PRes : le gouvernement sénégalais affiche des résultats et défend son bilan face aux critiques

Le ministre des Finances du Sénégal, Cheikh Diba, a annoncé vendredi dernier devant les députés une collecte de 63,4 milliards de francs CFA depuis le début de l’année grâce au Plan de Redressement Économique et Social (PRES). Ces chiffres, dévoilés dans un contexte de tensions avec le Fonds Monétaire International (FMI), ont poussé Waly Diouf Bodian, conseiller politique du Premier ministre Ousmane Sonko, à s’exprimer publiquement pour défendre la performance du gouvernement.

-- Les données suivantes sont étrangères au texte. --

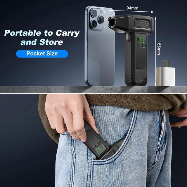 Mini Blower Turbo Fan, Compressed Air Duster, 100, 000RPM Super Power Cordless Electric Air Duster, No Canned, 3-Gear Adjustable Turbo Fan Duster Blower for Keyboard PC, Car, Outdoor and House Cleaning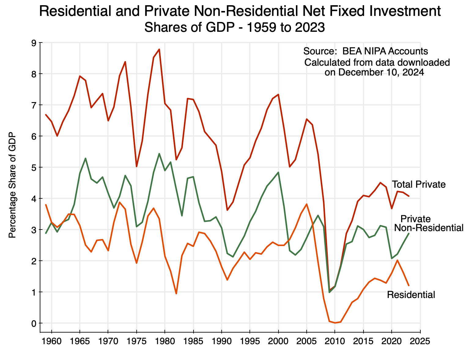 I have included in the chart the share of private non-residential net fixed investment as a share of GDP for context. It has also been declining, although not by as much as net investment in residential fixed assets. Net residential investment fell to essentially zero as a share of GDP in 2009-11, following the bursting of the housing bubble, and then recovered to only between 1 and 2% of GDP. As of 2023 it was around 1% of GDP – well below where it was in the 1960s and 70s.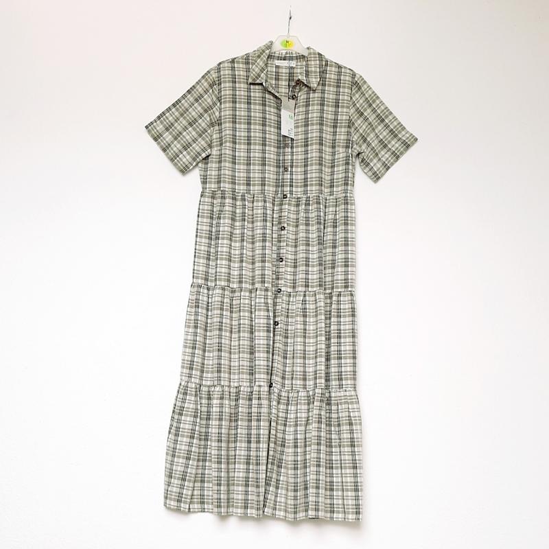 Вибачте але камера не зовсім передає точність кольорів!!! По замірам по плечах +- 42-43см,довжина по спинці по середині без воротніка до шва - 37см,загальна довжина по спинці по середині +- 126см,довжина від підмишки по боковому шву +- 102см,довжина рукава від плеча - 25см,ширина від підмишки до верху півобхват +- 21см,ширина півобхват по грудях від підмишки до підмишки - 53см,ширина півобхват по шву в поясі - 48см,ширина півобхват по другому шву - 66см,ширина півобхват по третьому шву +- 91см!Склад вказано 54%- віскоза,36%-котон,10%-льон!
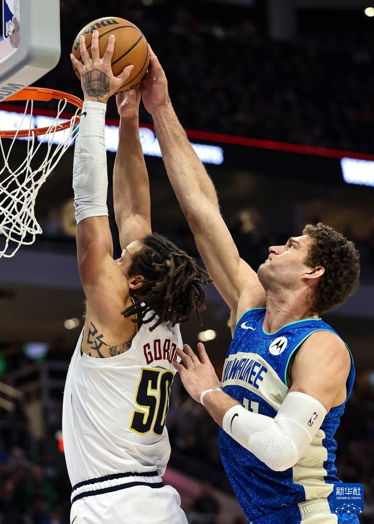 2月12日,雄鹿队球员布鲁克·洛佩兹(右)在比赛中封盖掘金队球员阿隆·戈登。新华社发(乔尔·莱纳摄)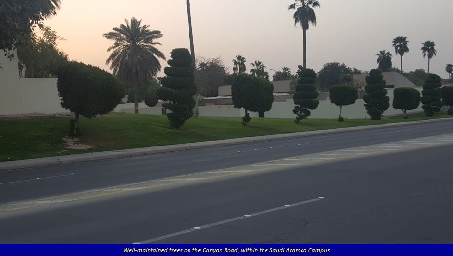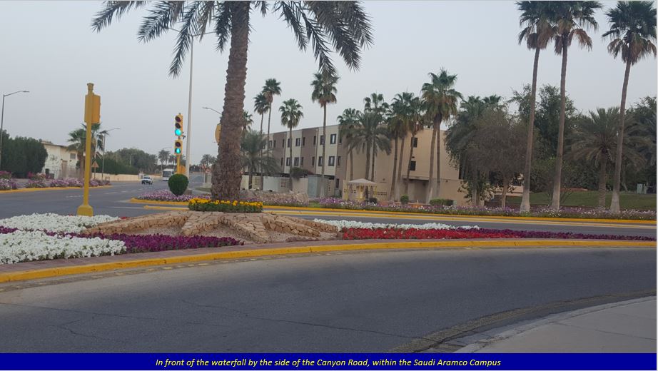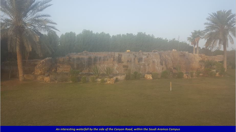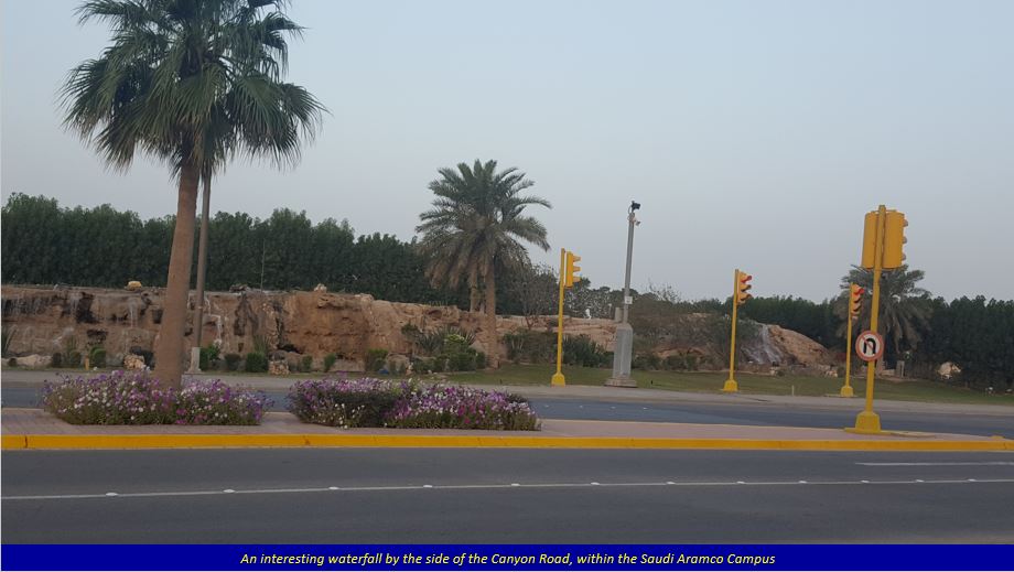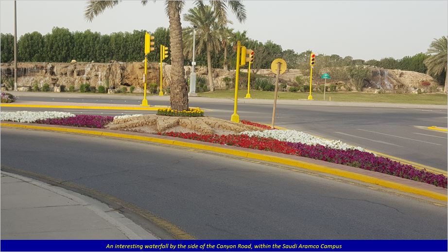 Along the Canyon Road, the morning traffic is slower, and the trees standing on both sides of the road are well-maintained, with flower beds at many places blooming flowers giving a colourful look. There is also a nice landmark (called Jubail, as I was told by a passerby) of a not-so-tall waterfall from a rock, at the crossing of Canyon Road and Miller Road. The photos below explain it all. It is to Aramco’s credit that they have maintained their Campus so well. The majestic Mercedes Benz luxury coach buses plying on the campus roads is a common sight, and are available quite regularly.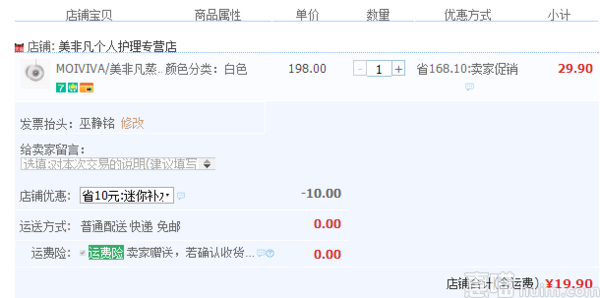 天猫专营店售价29.9元,可领取10元优惠券,券后实付19.9元包邮。
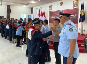 Terkamnews.com||MEDAN – Rutan Kelas I Medan Kanwil Kemenkumham Sumut ikuti Prosesi Wisuda Purnabakti di wakili oleh Purnabakti an: Jeksiner Saragih yang di hadiri juga oleh Kepala Rutan, Kepala Kantor Wilayah Kementerian Hukum dan HAM Sumatera Utara, Imam Suyudi melepas 25 orang Pegawai Jajaran yang memasuki masa Purnabakti bertempat di Aula Soepomo bersamaan dengan seluruh Satuan Kerja di Lingkungan Kementerian Hukum dan HAM di laksanakan secara Hybrid yang terpusat dari Graha Pengayoman, Senin (07/08/2023).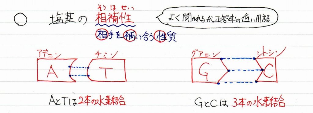 この「相補性」は塩基が備えている「結合の本数」が違うことから生じている。
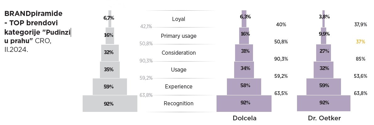 Korisnici brenda su isti konzumirali u posljednjih mjesec dana. Među korisnicima kategorije Pudinzi u dobi od 16. do 64. godine u Hrvatskoj, vodeći brendovi su Dolcela i Dr. Oetker. Brendovi su vrlo slični po svim parametrima. Oba brenda imaju iznimno visoku razinu prepoznatljivosti (recognition) među korisnicima kategorije. Slično tome, udio potrošača koji su konzumirali jedan ili drugi brend u posljednjih mjesec dana (usage) je vrlo sličan. Velika većina korisnika kategorije imala je i iskustvo (experience) s oba brenda, što potvrđuje njihovu široku dostupnost i prihvaćenost.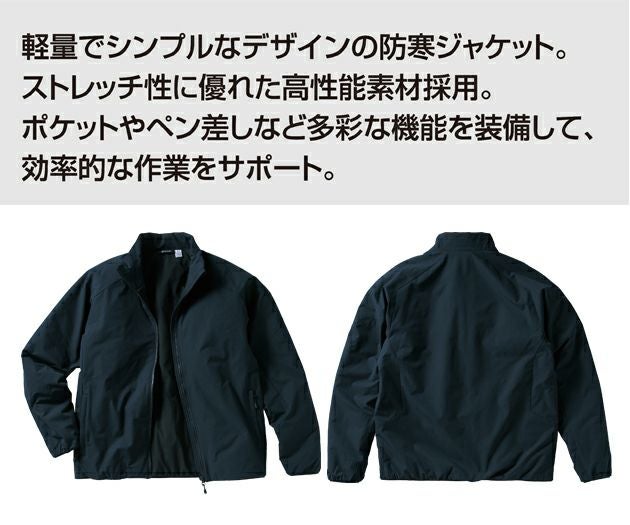 | 【特徴】 | 軽量でシンプルなデザインの防寒ジャケット。 ストレッチ性に優れた高性能素材採用。 ポケットやペン差しなど多彩な機能を装備して、効率的な作業をサポート。 ◆シンプルデザイン ◆ストレッチ ◆軽量 ◆1次撥水 ・背ネーム ・両脇ファスナーポケット ・左内ポケット ・左袖ペン差し ・袖口、裾総ゴム ・ストレッチ素材 |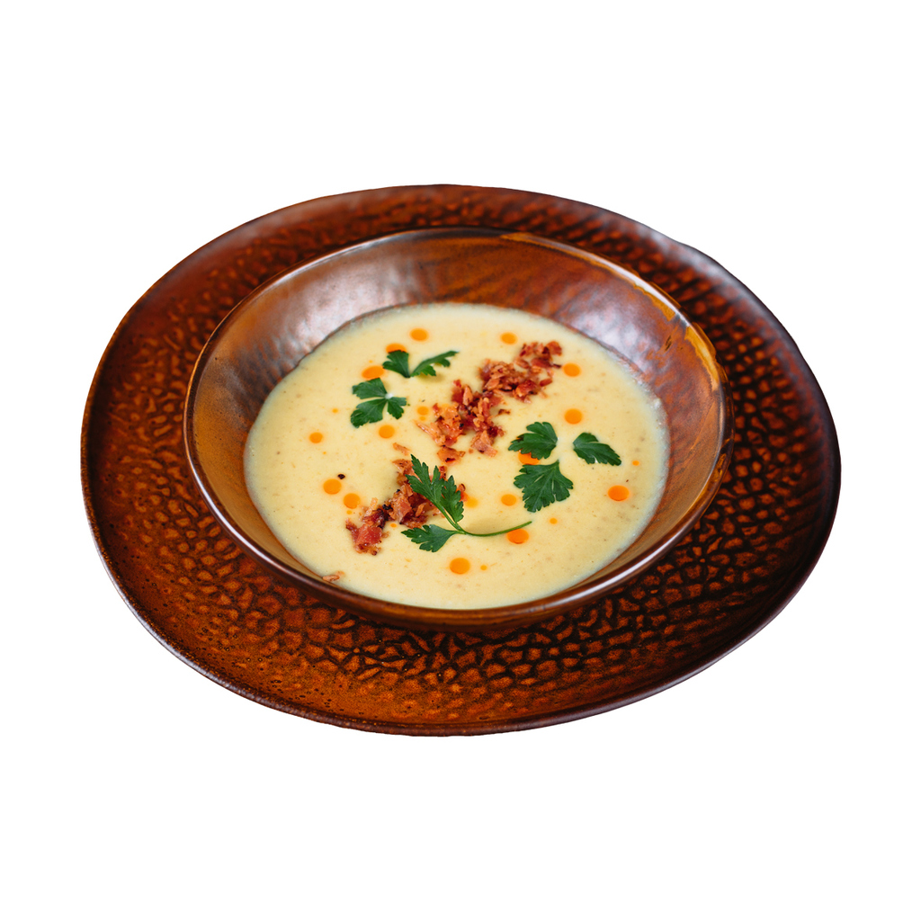 (351г) сыр сливочный, сливки,бульон куриный, картофель, лук, бекон, ньокки, зелень
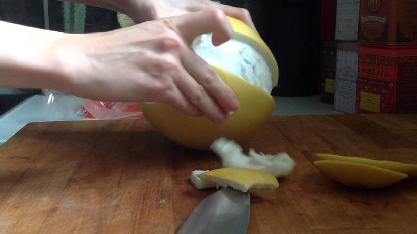 - В верхней части памелы должно образоваться небольшое углубление. Просуньте в него большие пальца обеих рук и осторожно потяните их в разные стороны. Продолжайте тянуть, пока цитрус не распадётся на две равные части.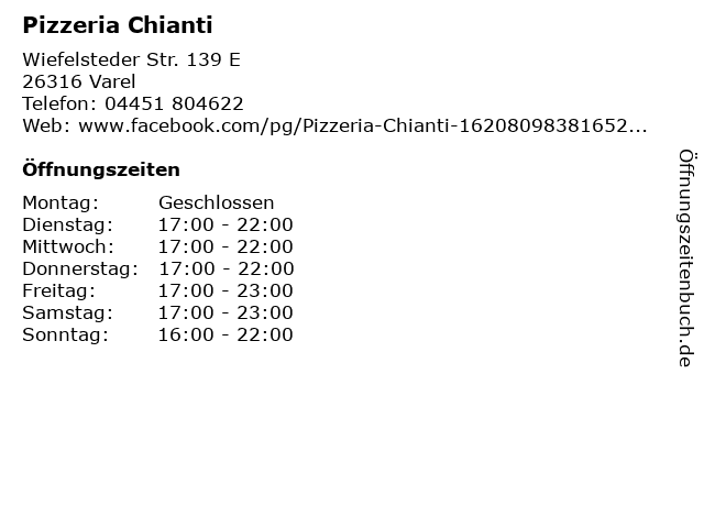 | Öffnungszeiten Pizzeria Chianti in Varel anzeigen | |

Un objectif ambitieux de 762,6 milliards pour 2026

Le PRES, dévoilé le 1er août 2024 par le Premier ministre Ousmane Sonko, vise à mobiliser 5 667 milliards de francs CFA entre 2025 et 2028. Pour 2026 uniquement, l’État table sur 762,6 milliards de francs CFA de recettes supplémentaires, inscrits dans la Loi de finances initiale. À ce jour, 63,4 milliards ont été perçus, dont 7,9 milliards issus des droits de douane, selon les chiffres communiqués par Cheikh Diba. Il reste donc près de 700 milliards à récupérer pour atteindre l’objectif annuel.

Le FMI suit avec attention la santé financière du Sénégal, confronté à des défis budgétaires majeurs. La capacité du gouvernement à atteindre ses cibles de recettes conditionne en grande partie les négociations en cours avec l’institution pour un éventuel soutien financier.

Waly Diouf Bodian répond aux accusations de lenteur

Face aux critiques relayées par certains médias, qui estiment que la collecte des recettes accuse un retard important par rapport aux projections, Waly Diouf Bodian a réagi avec fermeté. Selon lui, le PRES génère entre 15 et 20 milliards de francs CFA par mois, et les mesures ciblant le secteur foncier ainsi que les transferts d’argent devraient renforcer les recettes dans les mois à venir.

Le gouvernement sera sous les projecteurs dès ce vendredi lors d’une séance de questions-réponses à l’Assemblée nationale. Le rythme réel des recettes du PRES, comparé aux objectifs trimestriels fixés par la loi de finances, sera au cœur des échanges avec les députés.